Learning to zoom: Exploiting mixed-scale contextual information for object detection
Boying Wang,Ruyi Ji,Libo Zhang,Yanjun Wu,Jing Liu
DOI: https://doi.org/10.1016/j.eswa.2024.125871
IF: 8.5
2024-12-04
Expert Systems with Applications
Abstract:With the development of deep neural networks, object detection has made a significant leap. However, apart from intrinsic intra and inter class differences, the objects in real-world scenarios may encounter diverse scales, blurred appearance or even severe occlusion. Inspired by the human behavior of looking at blurred images, i.e. , zooming in/out, we propose a Mixed-Scale Network (dubbed for MSNet) to tackle these issues. Specifically, MSNet employs the zoom strategy to exploit mixed-scale contextual information, which fully unleashes the representation ability of deep neural networks. Firstly, the global feature aggregation module and global feature enhancement module aims at aggregating mixed-scale features from the global perspective, which learns the transform offset of pixels to align the higher-res features contextually.
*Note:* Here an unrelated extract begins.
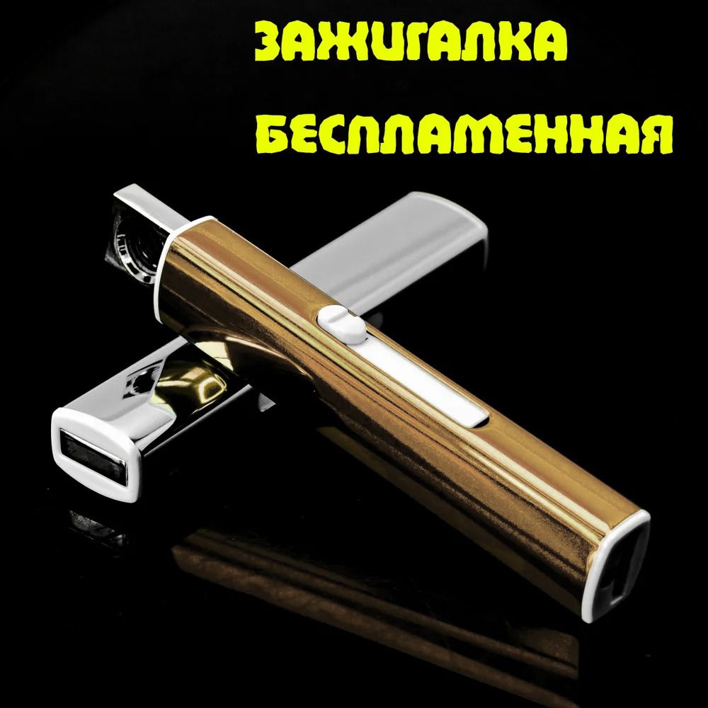 Беспламенная зажигалка ветрозащитная с портом USB металлическая (желтый)

Moreover, the local feature aggregation module enriches the instance-level feature by adaptively aligning the features of different receptive fields. Extensive experiments on MS COCO demonstrated the effectiveness of MSNet, yielding significant improvements of 0.7–2.8 points in AP box over baselines when paired with different detectors, backbones, and schedules. In addition, for pixel-level prediction tasks including semantic segmentation and instance segmentation, the proposed method gains consistent improvements of 0.6–2.7 points in mIoU/AP mask over baselines, which substantiates the effectiveness of MSNet further.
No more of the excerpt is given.